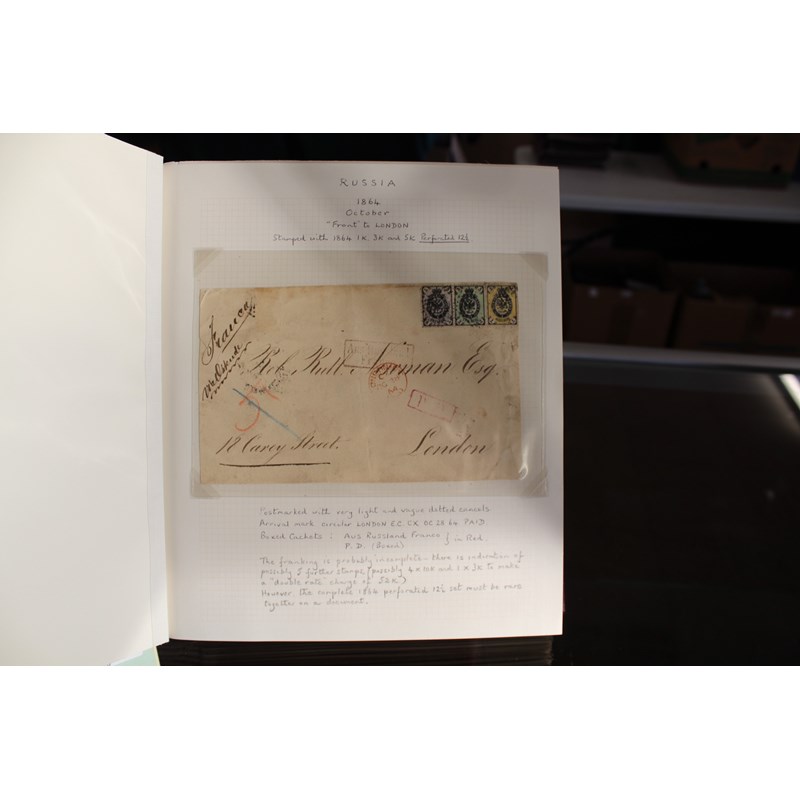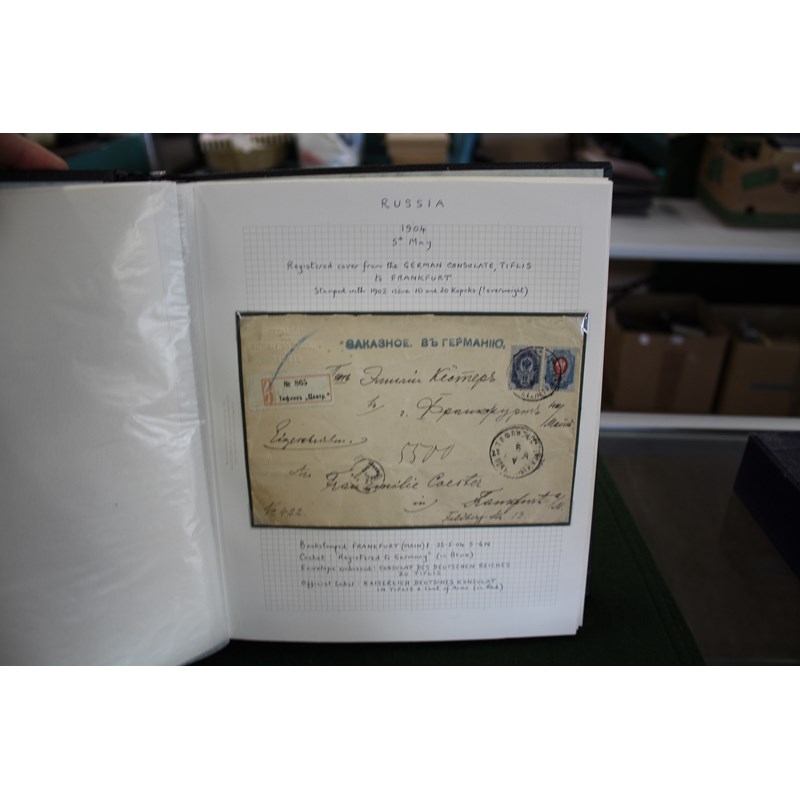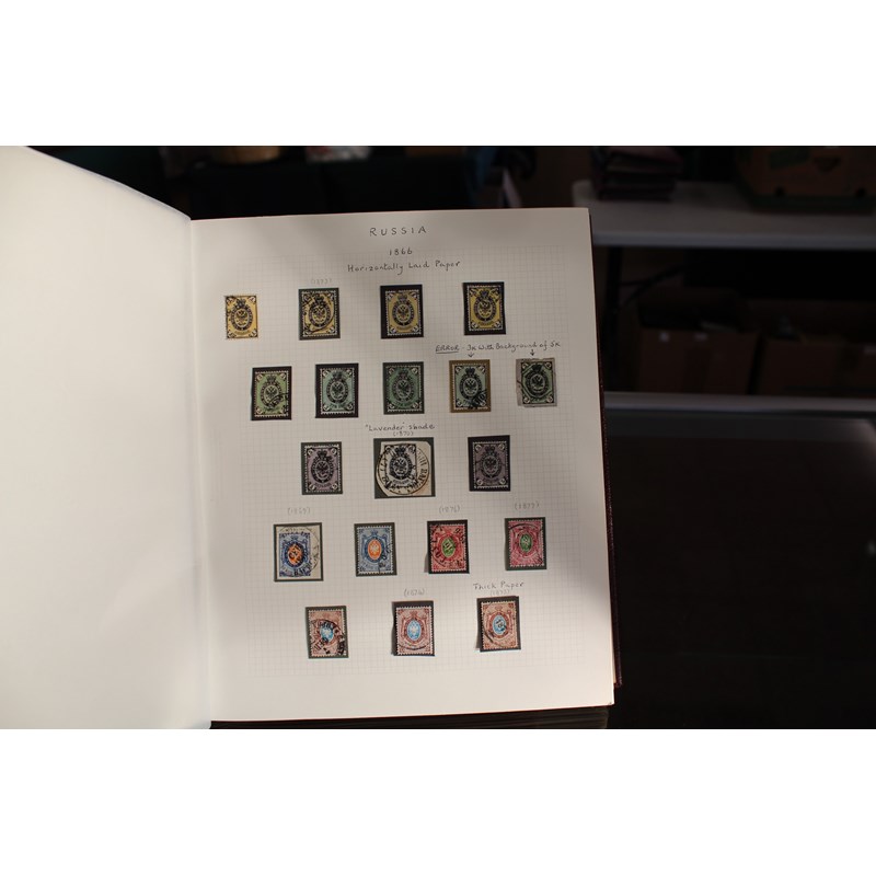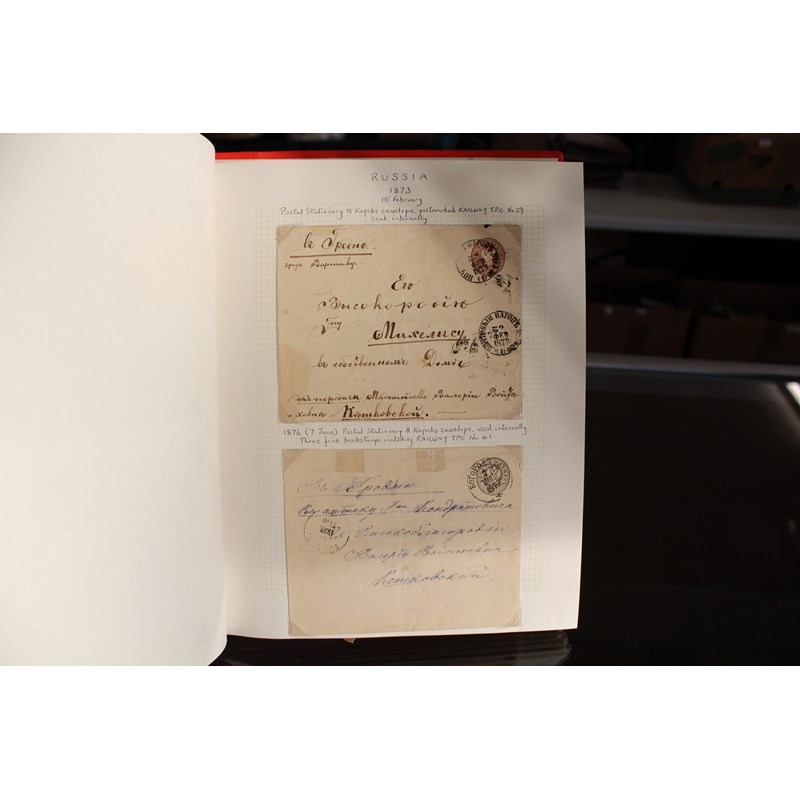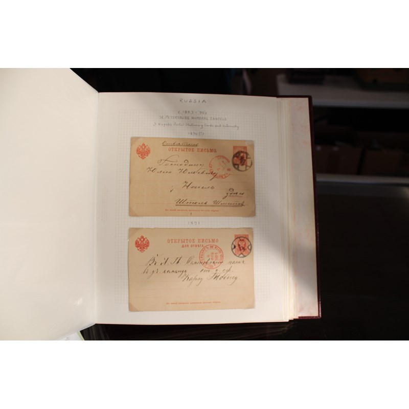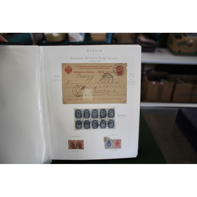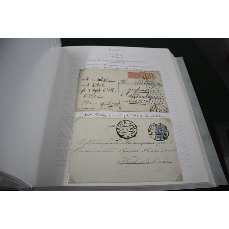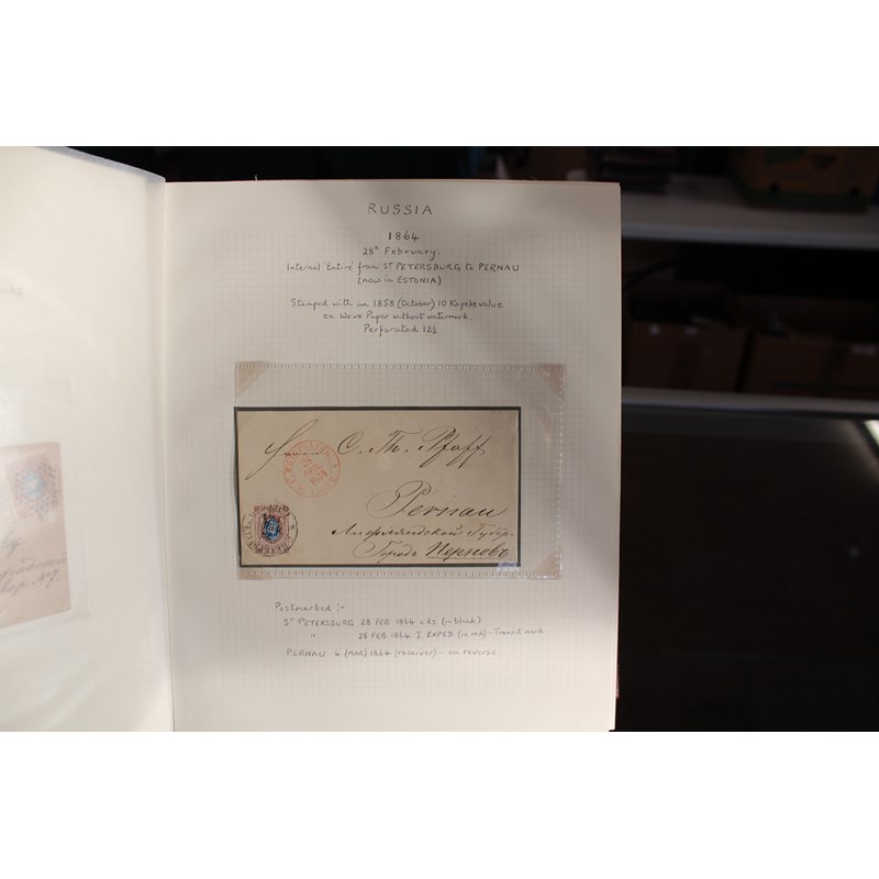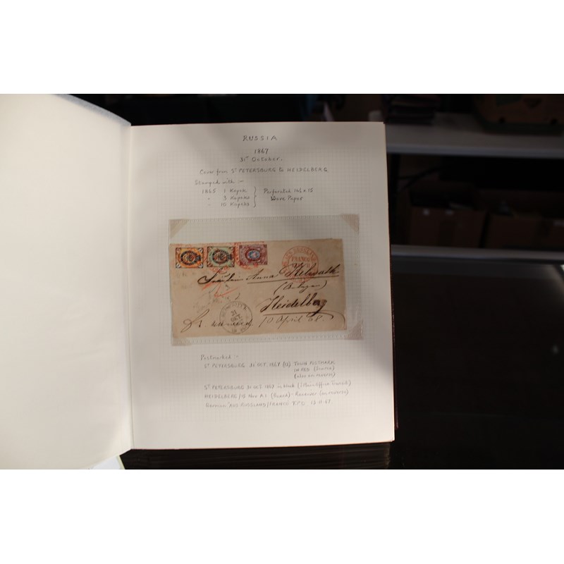 a fine collection of Russian stamps in 4 albums, from 1858 10k imperf used, 1866 3k error background used, 1884 3r50 and 7r used, much postal history with Arms Issues on cover, Postmarks, Post Offices in Levant and China, and Postal stationary used. Also with a qty of loose covers. Items in albums with various written information.
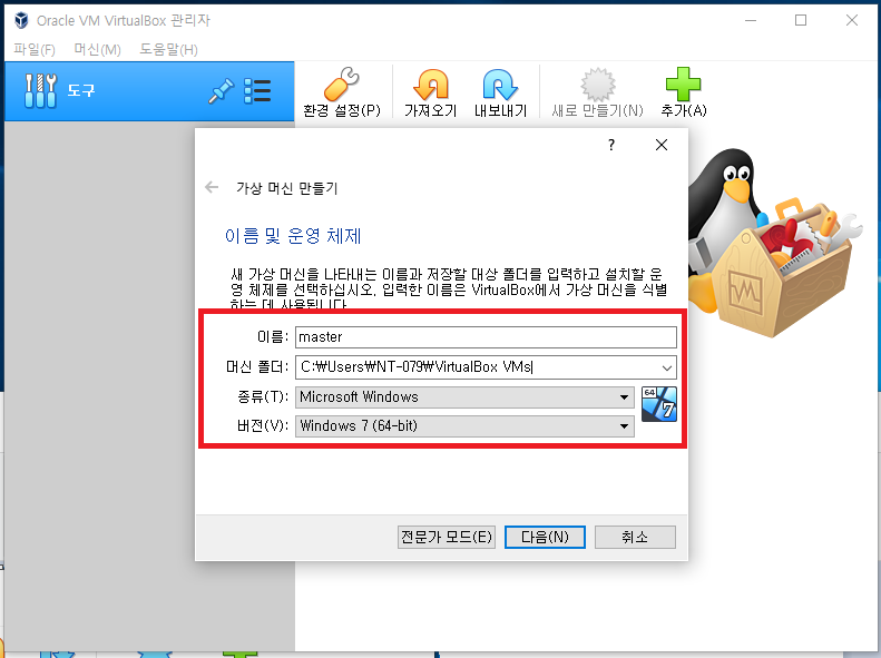 5. 이름, 머신폴더, 종류, 버전을 선택한다
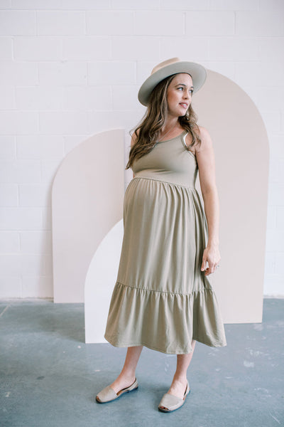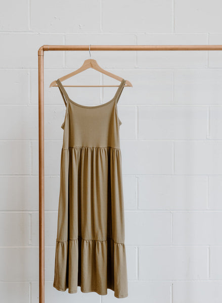 The Midi Dress is back! This boho style dress features a ruffled hem and hits slightly below the knee.
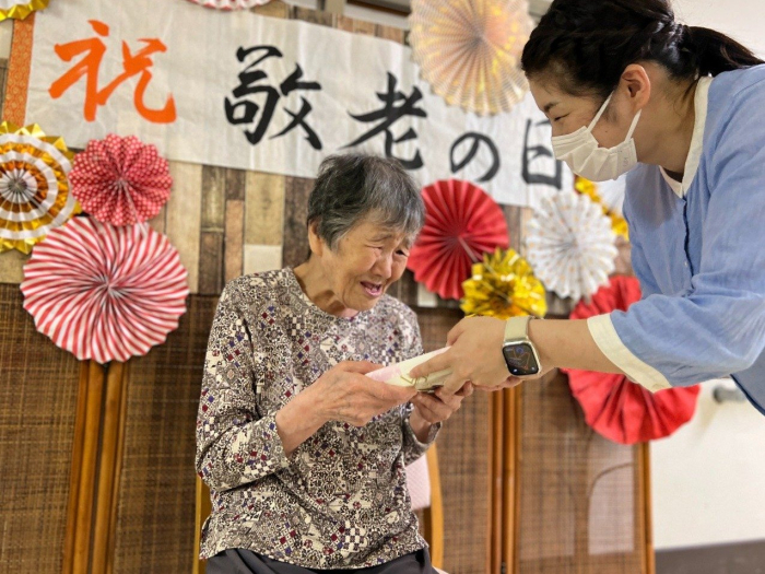 おひとりおひとりにお声をかけながらお祝いの記念品をお渡しすると満面の笑顔で喜ばれ、中には涙を流して喜ばれる方もいらっしゃいました。
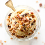 See, my brain went straight to cookie dough ice cream, but cookie dough bits in creamy oatmeal??? Oh, goodness. This sounds so amazing! You could have it for breakfast or dessert! I love that you used cashew butter in the oats! What a great idea…I bet that makes it extra creamy and delicious. I just watched the video and now I’m totally craving a bowl of this!
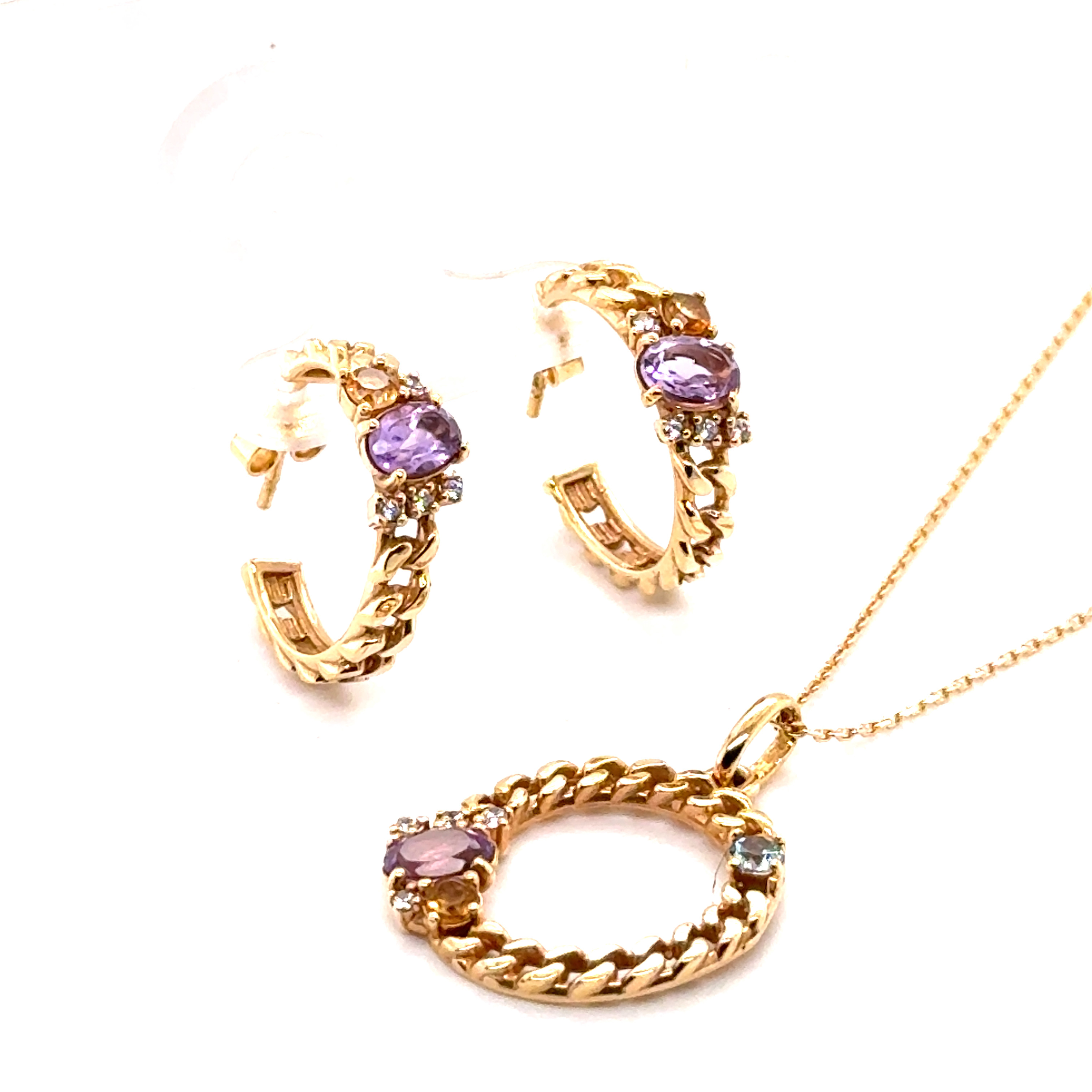 Комплект от “Jacklin hugasian” в жълто злато с аметист, цитрин и циркони.
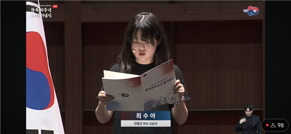 이번 행사에서 특히 주목받은 인물은 안중근 의사의 고손녀이자 독립운동 명문가의 후손인 최수아(인천송담초 6학년) 양이었다. 최 양은 독립선언서를 직접 낭독하며, 조국 독립을 위해 헌신한 선조들의 정신을 기리는 뜻깊은 순간을 연출했다.
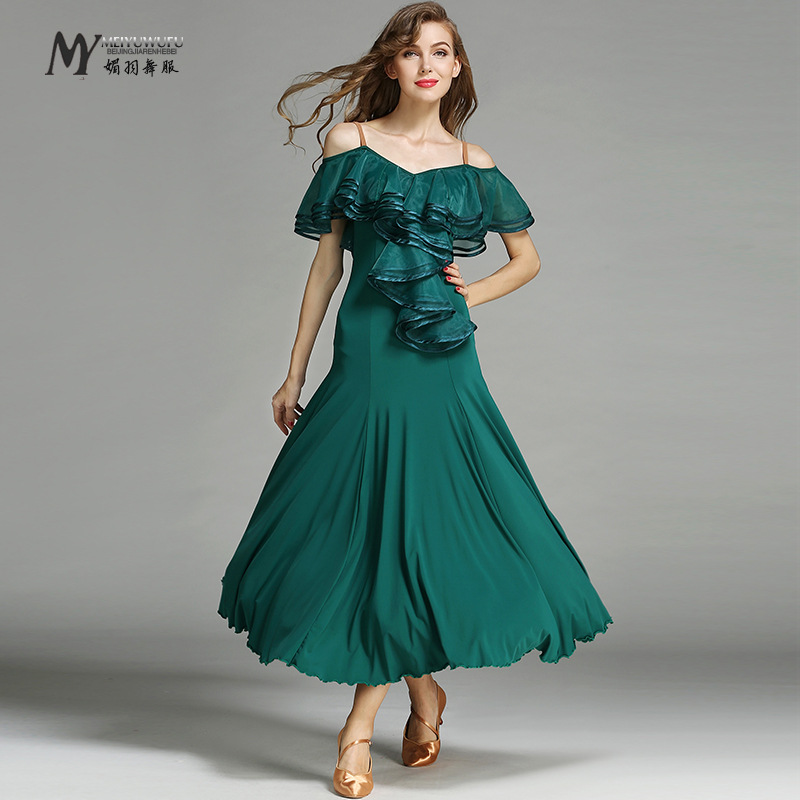 Meiyu Rok dansa Modern, kostum pertunjukan daun lotus besar mewah, kostum dansa standar nasional MY758, Rok dansa Modern klasik Prancis
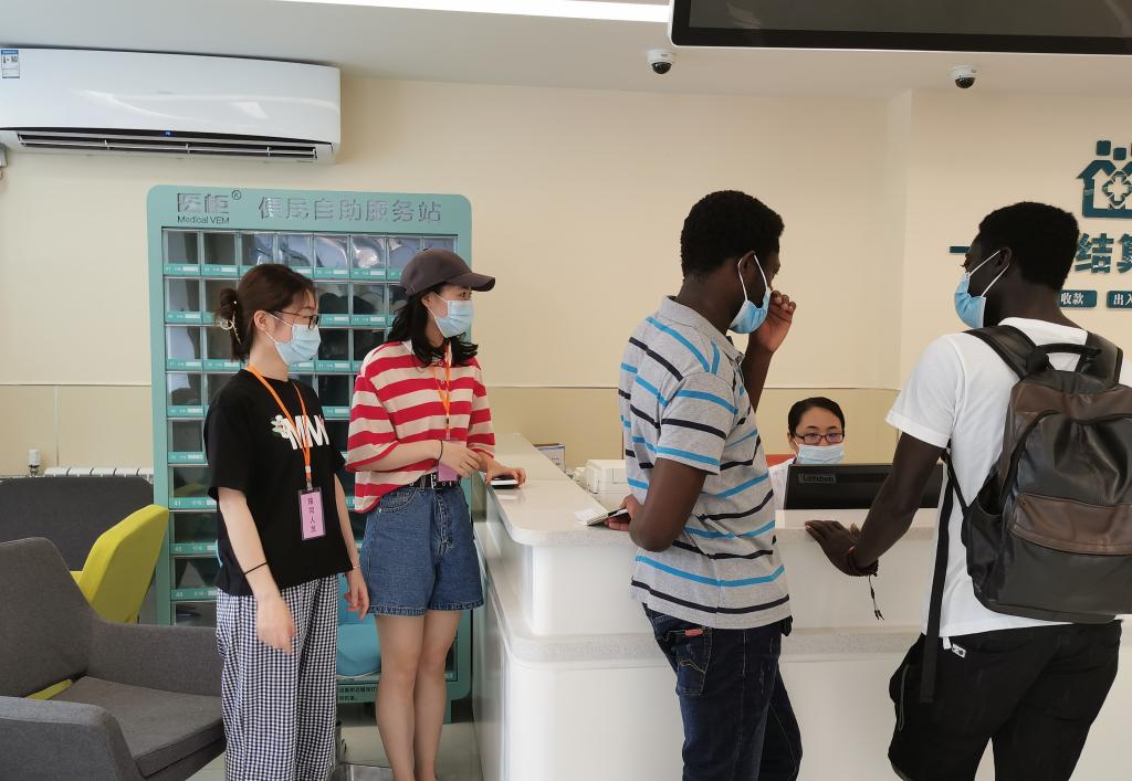 此次疫苗接种对象为港澳台同胞以及外国友人,因此志愿服务的主要工作是协助医护人员与外籍接种人员进行沟通,并帮助外籍接种人员回答和解决相关问题。在现场医护人员的指挥和安排下,五名志愿者完成防护措施,被分别分配到一层服务处、登记处、接种处、留观处以及二层留观处五个不同位置,负责相关接待工作,于13点20分工作正式开始。

AIM OF THE TASK -
Omitting the images, copy the listing exactly.

EXERCISE ANSWER -
 a fine collection of Russian stamps in 4 albums, from 1858 10k imperf used, 1866 3k error background used, 1884 3r50 and 7r used, much postal history with Arms Issues on cover, Postmarks, Post Offices in Levant and China, and Postal stationary used. Also with a qty of loose covers. Items in albums with various written information.
 5. 이름, 머신폴더, 종류, 버전을 선택한다
 The Midi Dress is back! This boho style dress features a ruffled hem and hits slightly below the knee.
 おひとりおひとりにお声をかけながらお祝いの記念品をお渡しすると満面の笑顔で喜ばれ、中には涙を流して喜ばれる方もいらっしゃいました。
 See, my brain went straight to cookie dough ice cream, but cookie dough bits in creamy oatmeal??? Oh, goodness. This sounds so amazing! You could have it for breakfast or dessert! I love that you used cashew butter in the oats! What a great idea…I bet that makes it extra creamy and delicious. I just watched the video and now I’m totally craving a bowl of this!
 Комплект от “Jacklin hugasian” в жълто злато с аметист, цитрин и циркони.
 이번 행사에서 특히 주목받은 인물은 안중근 의사의 고손녀이자 독립운동 명문가의 후손인 최수아(인천송담초 6학년) 양이었다. 최 양은 독립선언서를 직접 낭독하며, 조국 독립을 위해 헌신한 선조들의 정신을 기리는 뜻깊은 순간을 연출했다.
 Meiyu Rok dansa Modern, kostum pertunjukan daun lotus besar mewah, kostum dansa standar nasional MY758, Rok dansa Modern klasik Prancis
 此次疫苗接种对象为港澳台同胞以及外国友人,因此志愿服务的主要工作是协助医护人员与外籍接种人员进行沟通,并帮助外籍接种人员回答和解决相关问题。在现场医护人员的指挥和安排下,五名志愿者完成防护措施,被分别分配到一层服务处、登记处、接种处、留观处以及二层留观处五个不同位置,负责相关接待工作,于13点20分工作正式开始。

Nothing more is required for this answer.